We will discuss one-sample tests for interval and ratio data, and then expand our discussion to include one-sample tests for ordinal and nominal data.

One-Sample z and t Tests for Means

When we describe a sample, we are typically interested in the standard descriptive statistics, including central tendency and variability. You learned to calculate these statistics in Chapter 7. As a quick reminder, we must have interval or ratio data for statistics such as the mean and variance to be meaningful. When we have such data, we can use the fBasics package to get a quick statistical summary.
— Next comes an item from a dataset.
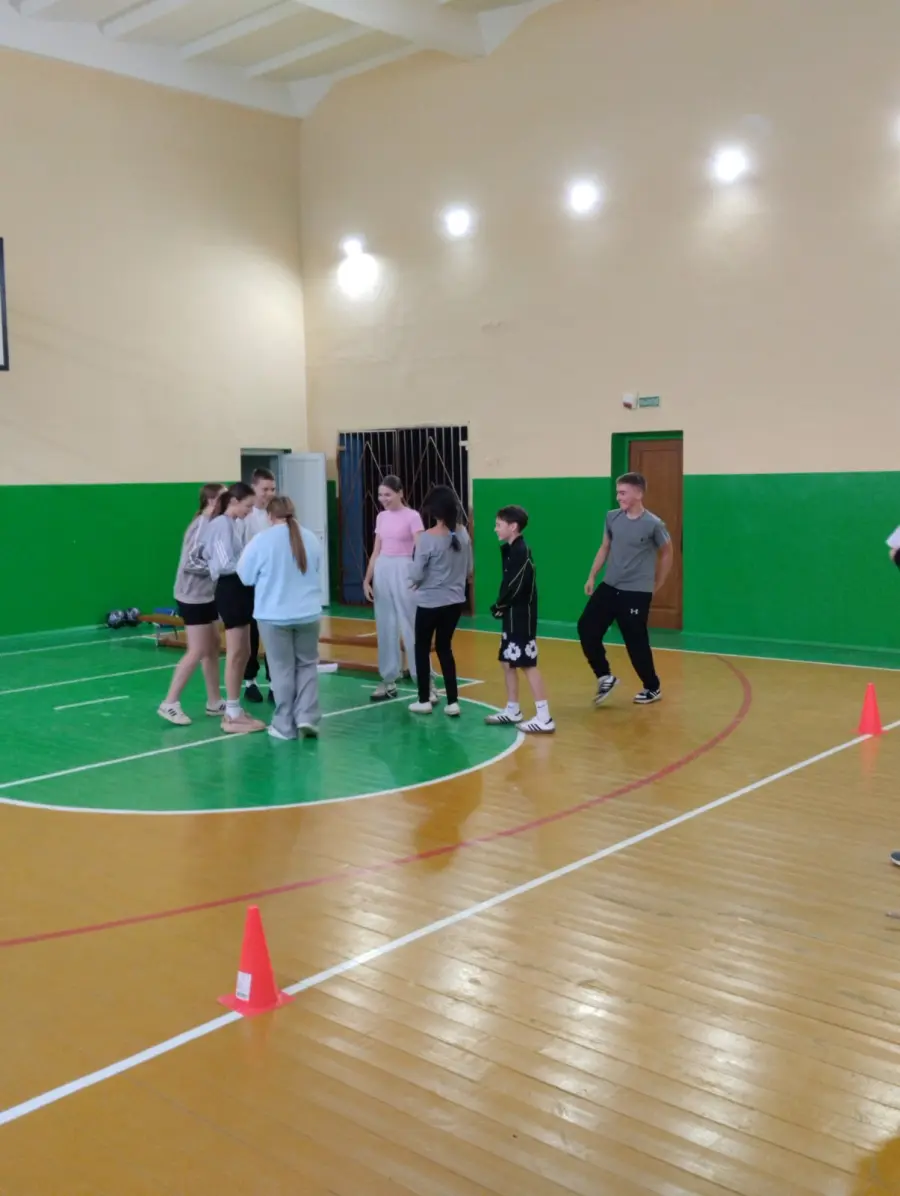 В рамках шестого школьного дня в учреждении образования проходит спортландия "Спорт против алкоголя и табакокурения". Ребята заряжены позитивом и яркими впечатлениями, желанием победить, активно отвечают на вопросы против команды- соперника.

Here again are the summary statistics for the variable x we used in Chapter 9.

> require(fBasics)
> x
[1] 60.2 64.4 64.8 65.6 63.7 68.0 85.7 58.2 53.1 55.0 72.3 50.2 78.5 67.1 79.2
[16] 72.1 59.2 50.6 77.8 56.3 64.0 76.8 68.2 75.0 59.6
> basicStats(x)
x
nobs 25.000000
NAs 0.000000
Minimum 50.200000
Maximum 85.700000
1. Quartile 59.200000
3. Quartile 72.300000
Mean 65.824000
Median 64.800000
Sum 1645.600000
SE Mean 1.917057
LCL Mean 61.867388
UCL Mean 69.780612
Variance 91.877733
Stdev 9.585287
Skewness 0.178608
Kurtosis -0.968359

In situations where we know the population standard deviation, σ, we can use a z test to compare a sample mean to a known or hypothesized population mean. The one-sample z test is among the simplest of the hypothesis tests, and is typically the first parametric test taught in a statistics course. Assume that we know the population from which the x scores were sampled is normally distributed and has a standard deviation of 11. We want to test the hypothesis that the sample came from a population with a mean of 70. The one-sample z test is not built into the base version of R, but its calculations are relatively simple. We use the following formula, in which the known or hypothesized population mean is subtracted from the sample mean, and the difference is divided by the standard error of the mean.

Assuming we want to do a two-tailed test with alpha = .05, we will use critical values of z = ±1.96. Our simple calculations are as follows:

> z <- (mean(x)- 70)/(11/sqrt(25))
> z
[1] -1.898182

If you want to create a more effective and reusable z.test function, you can do something like the following. The arguments supplied to the function are the raw data, the test value (mu), the sample size, and the alpha level, which is defaulted to the customary α = .05.

}

z.test <- function(x, mu, sigma, n, alpha = 0.05) {
sampleMean <- mean(x)
stdError <- sigma/sqrt(n)
zCrit <- qnorm(1 - alpha/2)
sampleZ <- (sampleMean-mu)/stdError
LL <- sampleMean - zCrit*stdError
UL <- sampleMean + zCrit*stdError
pValue <- 2 * (1 - pnorm(abs(sampleZ)))
cat("\t","one-sample z test","\n")
cat("sample mean:",sampleMean,"\n")
cat("test value:",mu,"\t","sigma:",sigma,"\n")
cat("sample z:",sampleZ,"\n")
cat("p value:",pValue,"\n")
cat((1-alpha)*100,"percent confidence interval","\n")
cat("lower:",LL,"\t","upper:",UL,"\n")
}

Here is the output from the z.test function shown earlier. For familiarity’s sake, I purposely produced output similar to that of the built-in t.test function in R.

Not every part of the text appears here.